The task
Please return the listing below exactly, without any of its pictures.

Given information
↓

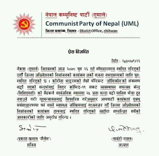 चितवन – नेकपा एमाले चितवनको १०औँ अधिवेशन अनिश्चितकालका लागि स्थगित भएको छ । कोरोना महामारीको तेस्रो लहर (ओमिक्रोन) बढ्दै गएको भन्दै अधिवेशन अनिश्चितकालका लागि स्थगन भएको हो।
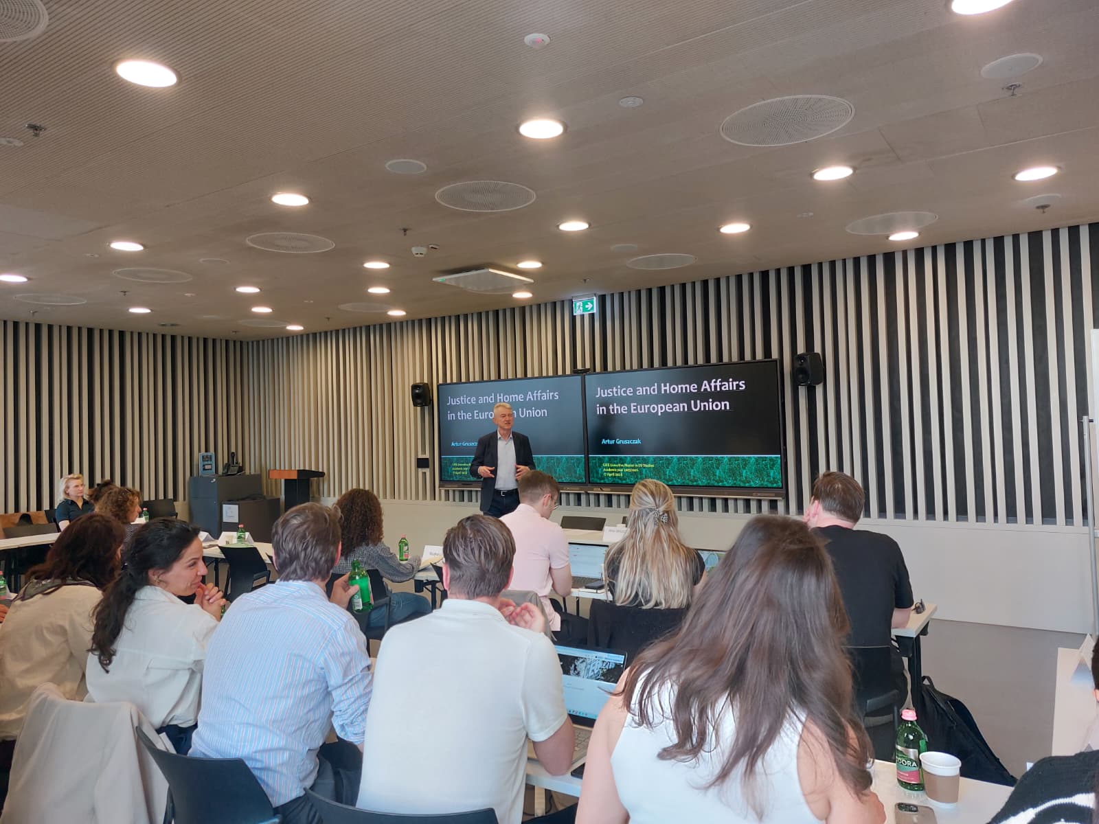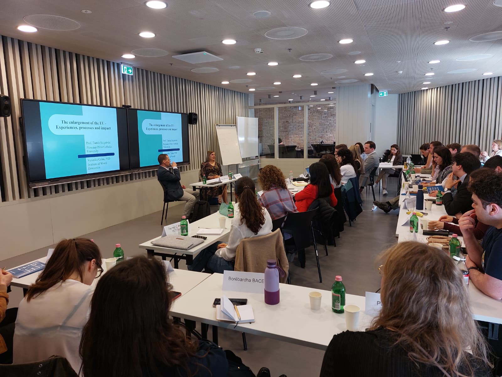 In a well-lit classroom at the Central European University, students were then introduced to the third term courses on “EU Enlargement – Experiences, Processes and Impact” with Tamás Szigetvári and Veronika Czina; “Justice and Home Affairs in the EU” with Artur Gruszczak; “Lobbying and Advocacy in the EU” with Doris Dialer; and “Sustainable Development and the European Green Deal” with Gyöngyvér Gyene, which featured an interactive resource management simulation based on the concept of the Tragedy of the Commons.
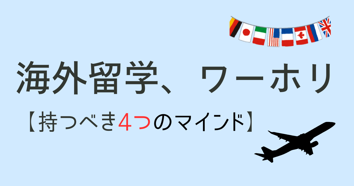 今回は留学、ワーホリで持つべき4つのマインドについてお伝えしました。
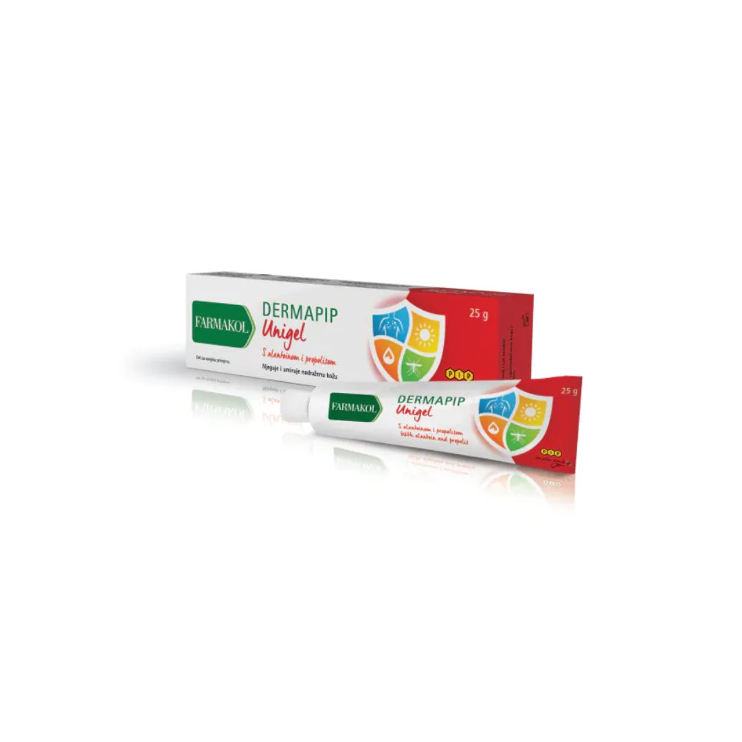 FARMAKOL Dermapip Unigel Gel s alantoinom, propolisom, ekstraktom kamilice i nevena potiče obnovu kože, umiruje i njeguje kožu, ugodno hladi, brzo se upija, ne masti. Kožu čini mekom i glatkom.

↑

Solution
 चितवन – नेकपा एमाले चितवनको १०औँ अधिवेशन अनिश्चितकालका लागि स्थगित भएको छ । कोरोना महामारीको तेस्रो लहर (ओमिक्रोन) बढ्दै गएको भन्दै अधिवेशन अनिश्चितकालका लागि स्थगन भएको हो।
 In a well-lit classroom at the Central European University, students were then introduced to the third term courses on “EU Enlargement – Experiences, Processes and Impact” with Tamás Szigetvári and Veronika Czina; “Justice and Home Affairs in the EU” with Artur Gruszczak; “Lobbying and Advocacy in the EU” with Doris Dialer; and “Sustainable Development and the European Green Deal” with Gyöngyvér Gyene, which featured an interactive resource management simulation based on the concept of the Tragedy of the Commons.
 今回は留学、ワーホリで持つべき4つのマインドについてお伝えしました。
 FARMAKOL Dermapip Unigel Gel s alantoinom, propolisom, ekstraktom kamilice i nevena potiče obnovu kože, umiruje i njeguje kožu, ugodno hladi, brzo se upija, ne masti. Kožu čini mekom i glatkom.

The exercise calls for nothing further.